# bucephalandra root trimming



## mort (23 Feb 2016)

Hi, my buces are really taking off and throwing out really long roots. Since they are on fine pieces of wood these roots extend many inches below the wood and are getting a bit overgrown. Its fine elsewhere in the tank but they have almost covered up a nice swim through so need a trim.
So my question is do they mind being cut back hard or is it better to just reduce them a little? any tips will be gratefully received as i'm starting to see flowers on some and don't want to damage their grow.


----------



## zozo (24 Feb 2016)

I would not cut them back to hard, not to close to the rhizome anyway, but some root trimming can't hurt. That's what most of us do before planting new plants trim the roots a bit to make planting easier. I've noticed on a Buce which i've planted on top of a piece of vertical standing driftwood and some parts of it's rootsystem died off on it's own over time. Probabbly due to trimming the plant parts from above. It just looses its haulthy color and eventualy fauls away. So you might inspect it's rootsystem first and start cuttting away the discolored parts if it has some before cutting off haulthy roots.

Also with tetrestrial plants i noticed, plants have a structured vascular system and any root damage can have effect on parts of it's growth aboveground. So cutting back roots to vigorously near the stem or rhizome can cause upper parts of the plant to die off. So it kinda works visa versa, cutting away top growth can have effect on some parts of its rootstructure as cutting away some rootstructure can have effect on topgrowth. 
No matter what kind of plant it is. Now from the outside it's not obvious how this vascular system in the plant is routed, but you could expect som die off from some leaves depending on what and how much you cut away.


----------



## dw1305 (24 Feb 2016)

Hi all,





mort said:


> So my question is do they mind being cut back hard or is it better to just reduce them a little? any tips will be gratefully received as i'm starting to see flowers on some and don't want to damage their grow.

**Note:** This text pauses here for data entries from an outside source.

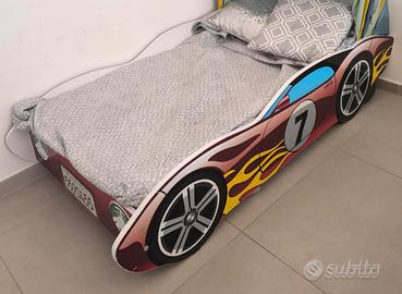 lettino per bambini a forma di macchinina ben fatto e ben tenuto usato giusto un paio di volte misure 160x75 cm completo di rete e materasso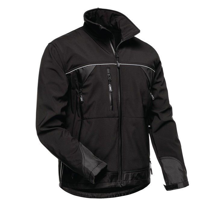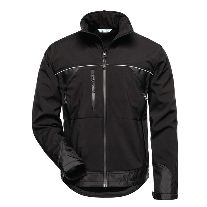 Obermaterial: 96% Polyester, 4% Elastan, 3-Lagenlaminat (Softshell) · Einsatz an Saum und Ärmelsaum: 100% Polyester, Oxford · Softshell-Material ist wind- und wasserdicht sowie atmungsaktiv · alle Reißverschlüsse wasserdicht · Wassersäule: 8000 mm · Atmungsaktivät: 1000 g/m²/24h · hoch abriebfestes und robustes Softshellmaterial · angenehm zu tragen durch Fleecematerial innen in der Jacke · Reflexpaspel vorne · Saum und Ärmelsaum weitenverstellbar · Reißverschluss-Ende mit Kinnschutz · aufwändige Innenverarbeitung · verstellbarer Kragenabschluss
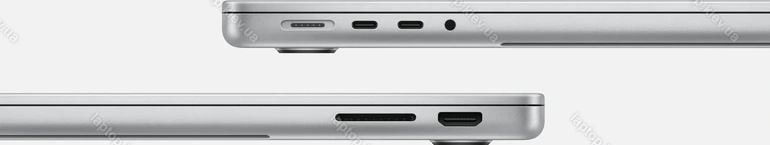 2x Thunderbolt 4 / USB4 с DisplayPort 1.4 (40Gb/s, PD-Out, сетевой разъём питания PD-In), 1x HDMI 2.1, 1x 3.5 мм аудио-разъём, 1x SD Card, 1x DC-In Apple MagSafe 3 (сетевой разъём)

I probably wouldn't trim them at all, unless it is absolutely essential.

If you need to trim them, I'd just shorten a couple by a small amount and see what happens. I know if you trim _Anubias_ roots they tend to callus over and form new bunches of bushy roots, but I don't know about _Bucephalandra. _

My worry is that the trimmed root is likely to die back and might cause the rhizome to rot.

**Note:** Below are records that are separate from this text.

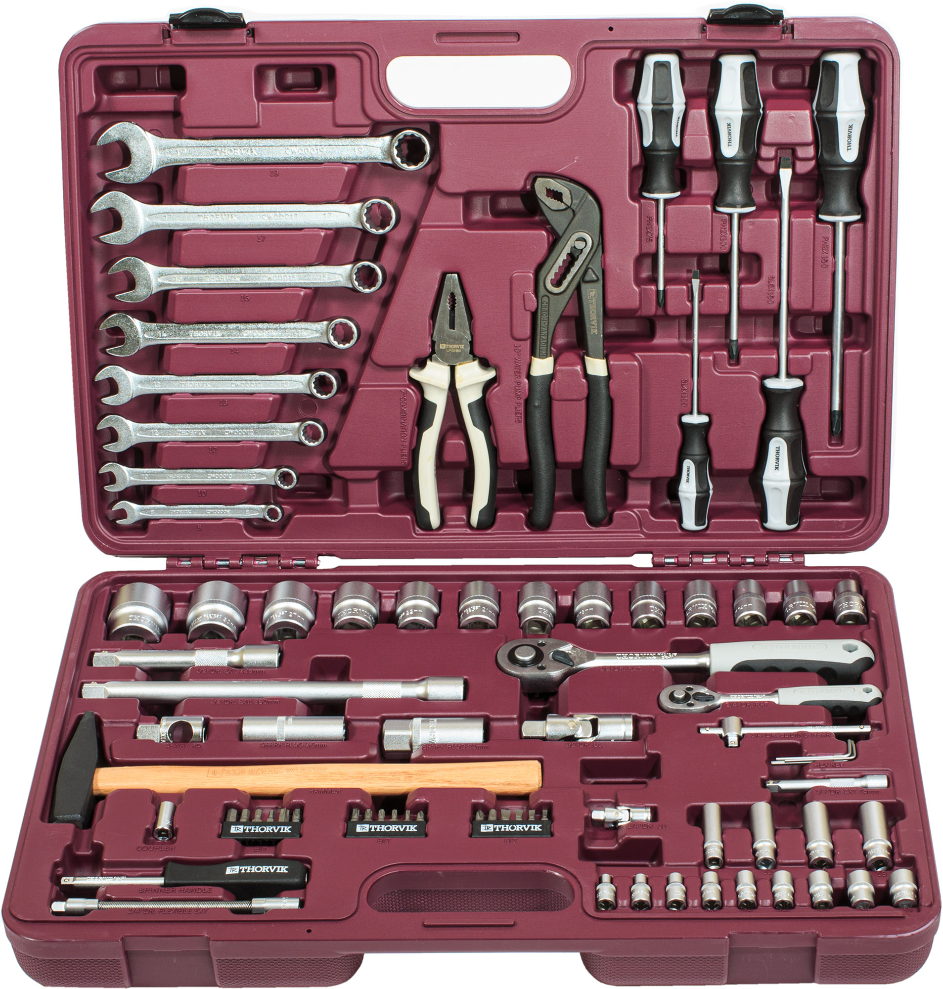 Набор инструмента универсальный 1/4", 1/2"DR с головками торцевыми 12-гранными, 77 предметов Thorvik /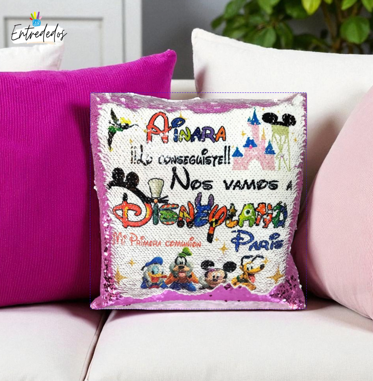 Cojín con lentejuelas disponible en color rosa con mensaje escondido de sorpresa a Disney.
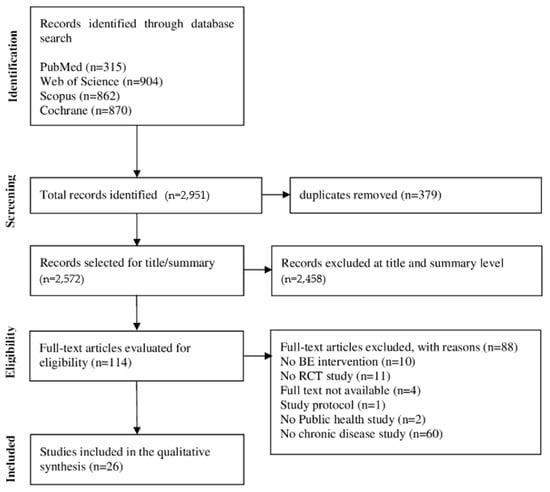The systematic search of the databases identified 2951 articles, and excluded 379 duplicates and removed 2458 articles after analyzing titles and abstracts that did not meet the PICOS strategy described in the study protocol. Due to the use of a broad search strategy in the databases and the use of Randomized Controlled Trials (RCTs), the number of exclusions was significant at this stage of the screening. A sample of 114 articles was identified for full reading, and 88 articles were excluded. The flowchart for this systematic review is shown in Figure 1.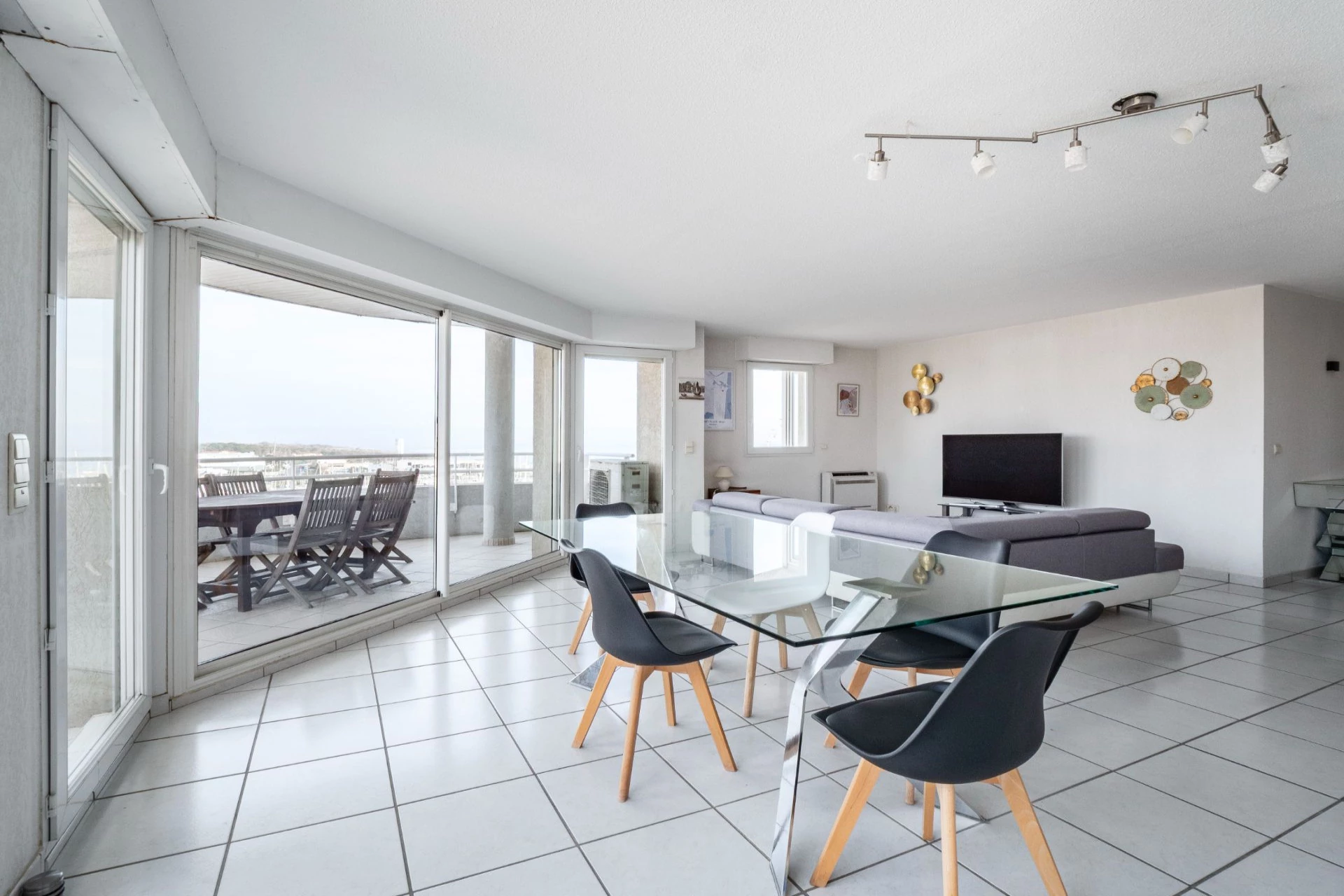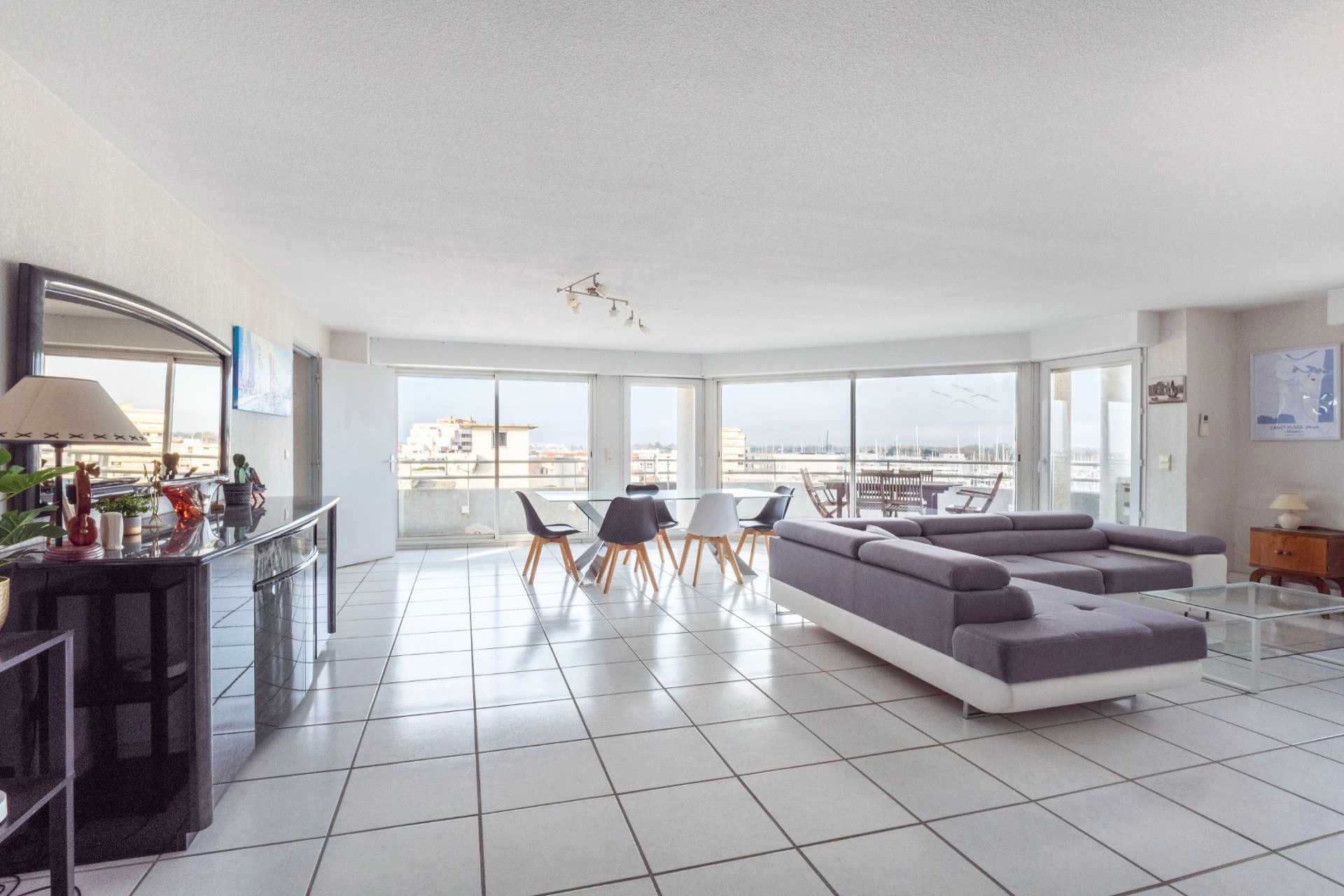 Its spacious 56 m² living room, bright and stylish, offers an exceptional panoramic view of the sea, the Canigou, and the marina.

Roots tips are different from the the rest of the root, and in some plants (orchids etc.) if the root tip is damaged the root dies. I know this happens with some terrestrial or semi-epiphytic Aroids when you cut their "ordinary" roots, but not the "aerial" roots.

cheers Darrel


----------



## zozo (24 Feb 2016)

dw1305 said:


> I probably wouldn't trim them at all, unless it is absolutely essential.



My idea as well, as i look what my buce does, it sheds leaves sometimes as it does parts of it's root wig and grows new ones. When i see a root go brown, don't even need to cut it, it falls off with a gentle pull. If you run your tweezers through like shaking and wiglin it a bit, you'll notice a lot falling out, these are decaying root tips and other accumulated debri. When all still is healthy the plant needs it, else it wouldn't be there, a plant doesn't grow what it doesn't need. 

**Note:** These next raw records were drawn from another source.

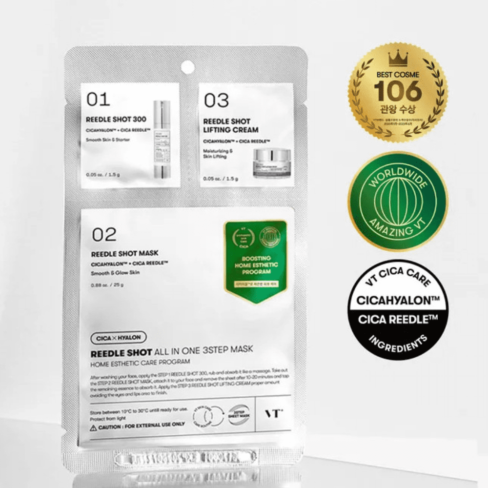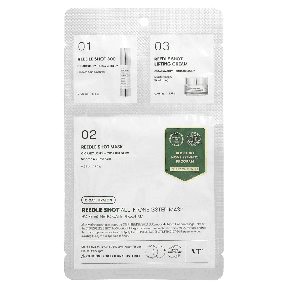 Modo de uso: Aplicar el Step 1 (Reedle Shot ampoule) sobre la piel limpia y seca, masajear suavemente hasta su absorción. Luego aplicar la mascarilla (Step 2) durante 10 a 20 minutos. Finalmente, aplicar el Step 3 (esencia/crema) para sellar la hidratación.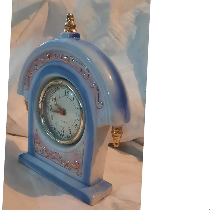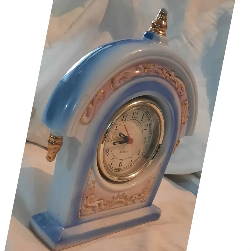 ساعت رومیزی قدیمی بدنه سرامیکی با موتور آرام گرد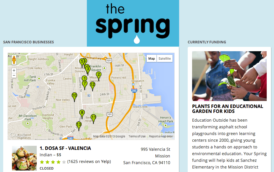 The Spring launches today in San Francisco at a dozen restaurants, including local favorites Dosa and Gracias Madre, and has plans to expand to other cities eventually. Its iOS app and site have a Yelp-like guide for finding participating restaurants, and it even pulls in Yelp reviews to help you discover top eateries.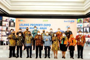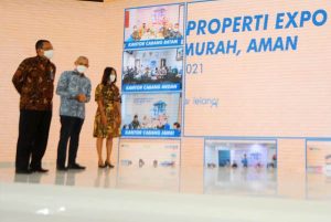Direktur Utama PT Bank Tabungan Negara (Persero) Tbk. Haru Koesmahargyo (kiri) didampingi Direktur Wholesale Risk and Asset Management Elisabeth Novie Riswanti (kanan) bersama Direktur Jenderal Direktorat Jenderal Kekayaan Negara Kementerian Keuangan RI Rionald Silaban (tengah) berbincang di sela acara BTN Lelang Properti Expo 2021 di Menara BTN, Jakarta, Selasa, 7 Desember 2021. Melalui acara tersebut, Bank BTN mengerahkan 25 kantor cabang perseroan untuk memasarkan hampir 250 unit hunian menggunakan skema lelang dengan harga menarik kepada para investor. Secara keseluruhan, perseroan mengincar akan menghimpun dana penjualan lebih dari 1.500 unit rumah sekitar total Rp1,73 triliun pada akhir 2021 nanti.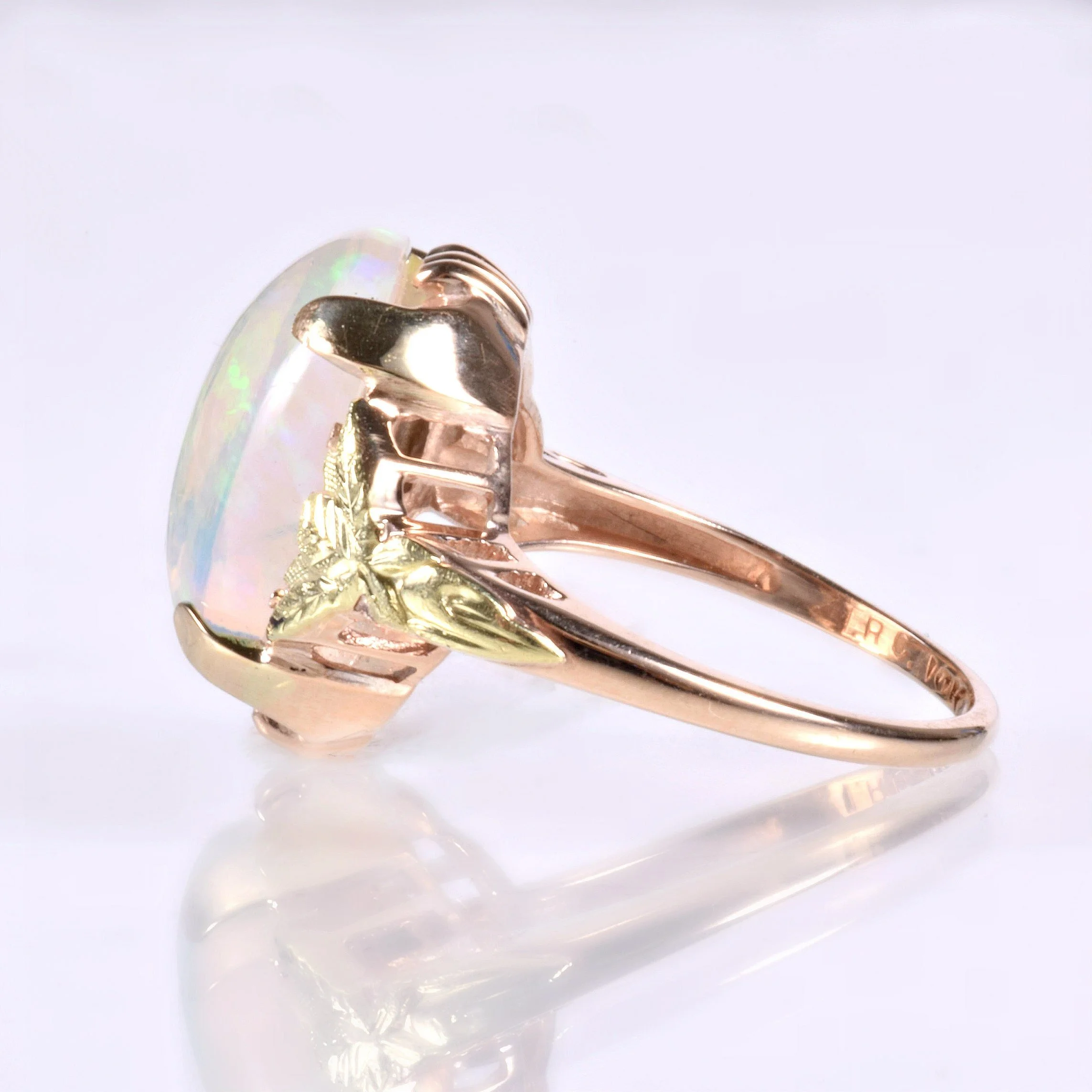 The star of the show here is our large 4.78 carat fiery crystal opal, but note the fabulous leaf engraving on either side...crisp and in green gold! The remainder of this vintage ring from the 40's was crafted in rich rose gold and the blending of colors is outstanding. The inside is stamped I.R.C., which stands for International Ring Co, c.1943: Lafayette Bldg. Buffalo NY.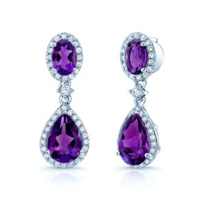 Exquisite Elegance Defines These 14k White Gold Earrings Adorned With A Classic Oval And Pear Shaped Amethyst Gemstones Surrounded By Brilliant Cut Diamonds (h-i/vs 0.33 Ctw) Beautifully Pave Set In A 14k White Gold Setting.

Buce also grows a much bushier and more delicate rootsystem than anubias. It might be the slight difference of the Buce being more a lithophyte and attaches very good (maybe rather) to smooth rock surface in his natural habitat And anybias to softer wood as epiphyte.


----------



## dw1305 (24 Feb 2016)

Hi all, 





zozo said:


> Buce also grows a much bushier and more delicate rootsystem than anubias. It might be the slight difference of the Buce being more a lithophyte and attaches very good (maybe rather) to smooth rock surface in his natural habitat And anybias to softer wood as epiphyte.


Marcel that is quite interesting, the roots look much more like the aerial roots you would get on an _Anthurium <_"Aroid Anatomy"_>. _I think you are right they are roots that will attach to a hard surface.

I also suspect that they make trimming them a less risky procedure. 

cheers Darrel


----------



## mort (24 Feb 2016)

Thanks for the really interesting replies. I actually just went to see the root structure of the plant and decided untying it from the wood would be the easiest way to see the roots. As it came off, the roots that I wanted to trim actually stayed attached to the wood. It turns out that the buce has such a nice dense root system that a hygrophila pinnitfitida that is 6" or so away, can actually hide a lot of its roots underneath.  So I don't  need to trim the buce at all but maybe the hp. Which isn't a problem is it? Would only need to remove about a third of its roots and never has a problem before but just checking.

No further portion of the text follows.